Decision trees are a supervised learning technique used for both classification and regression problems. A decision tree creates a piecewise constant approximation function for the training data. Decision trees are used in data mining and supervised learning because they are robust to many problems with real world data, such as missing values, irrelevant variables, outliers in input variables, and differences in variable scales.
The single decision tree algorithm, implemented in the Decision Tree Functions, is easy to use and has few variables to tune. However, it is prone to over-fitting and high variance. To help address this issue, the ML Engine provides the Decision Forest Functions, AdaBoost Functions, and XGBoost Functions. These functions create many trees from the same data set and combine the results to reduce the variance and the risk of over-fitting.
Decision Tree Basics
Suppose that you want to predict the value of a variable, y, and you have two predictor variables, x1 and x2. You want to model y as a function of x1 and x2 (y = f(x1, x2)).
You can visualize x1 and x2 as forming a plane, and values of y at particular coordinates of (x1, x2) rising from the plane in the third dimension. A decision tree partitions the plane into rectangles and assigns each partition to predict a constant value of y, which is usually the average value of all the y values in that region. You can extend this two-dimensional example into arbitrarily many dimensions to fit models with large numbers of predictors.
In this example, the x1-x2 plane has four regions, R1, R2, R3 and R4. The predicted value of y for any test observation in R1 is the average value of y for all training observations in R1.

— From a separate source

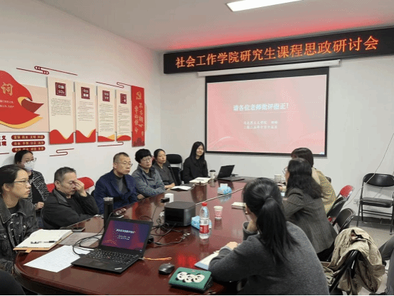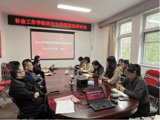 2025年10月15日下午,社会工作学院在主楼344会议室召开研究生课程思政研讨会。学院院长李敏教授、研究生课程负责人和任课教师参加会议,马克思主义学院刘旸副教授参会指导,共同探讨社会工作专业课程思政的理论内涵与实践路径。会议由学院分管研究生工作副院长郝彩虹主持。

This information can be represented by a decision tree:
The algorithm starts at the Root node. If the x1 value for a data point is greater than 5, the algorithm follows the right path; if the value of x1 is less than 5, the algorithm follows the left path. At each subsequent node, the algorithm determines which branch to follow, until it reaches a leaf node, to which it assigns a prediction value.
Decision Tree Advantages
- Decision trees are easy to visualize and understand.
- Decision trees offer an interpretable reason for their decisions.

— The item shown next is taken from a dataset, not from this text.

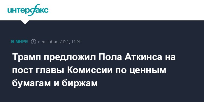 Трамп предложил Пола Аткинса на пост главы Комиссии по ценным бумагам и биржам

For example: Person X is high-risk because his income is below C, his total debt is above D, and his age is below A.
- Decision trees are robust to spurious, co-linear, and correlated input variables.
Decision Tree Disadvantages
- Decision tree training is a highly unstable procedure.

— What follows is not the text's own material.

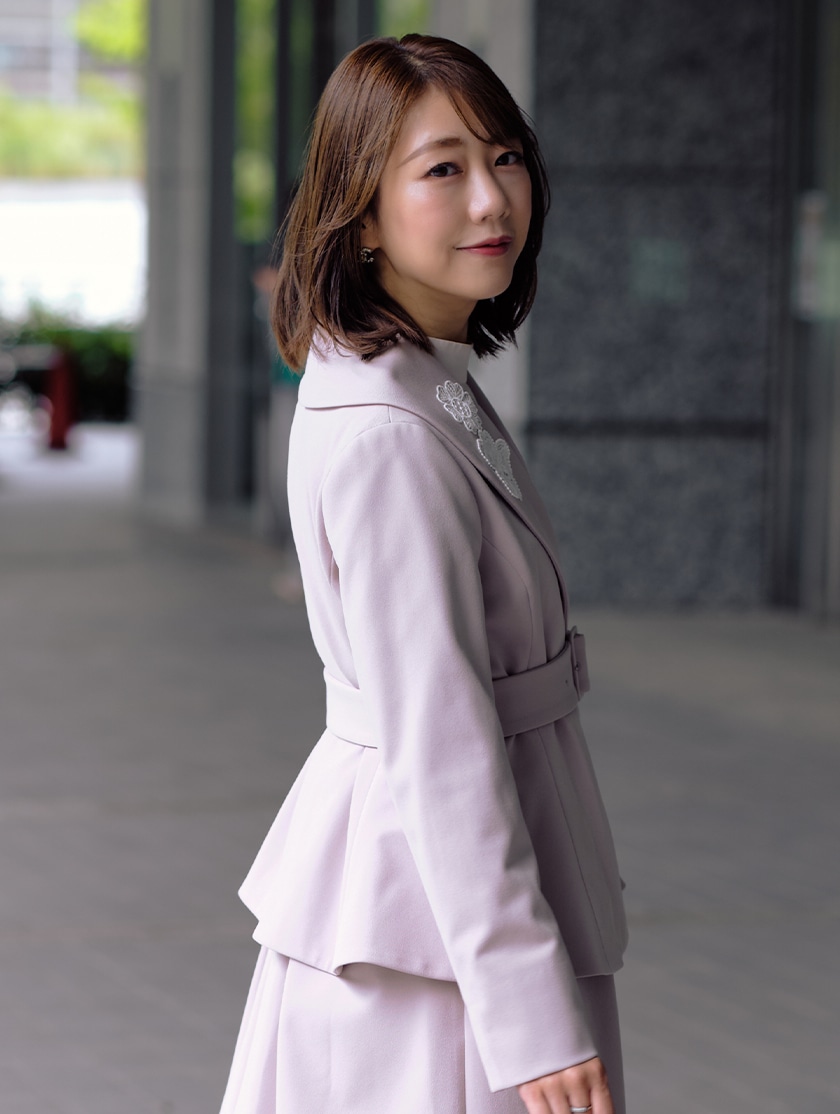 マーリエらしい大きめのショールカラーと、ウエストを

Small differences in the training set can cause very different decision tree structures, and often very different outcomes.
- Because they are piecewise-constant approximations, observations on regional boundaries are prone to high error rates.
Boosting and Decision Trees
Boosting is a technique that develops a strong classifying algorithm from a collection of weak classifying algorithms. A classifying algorithm is weak if its correct classification rate is slightly better than random guessing (which is 50% for binary classification). The intuition behind boosting is that combining a set of predictions, each of which has more than 50% probability of being correct, can produce an arbitrarily accurate predictor function.
- Its growth is based on binary splitting, which can introduce inaccuracy in classification.
- An incorrect decision at one tree level propagates to the next level.
Boosting is sensitive to noise in the data. Because weak classifiers are likely to incorrectly classify outliers, the algorithm weights outliers more heavily with each iteration, thereby increasing their influence on the final result.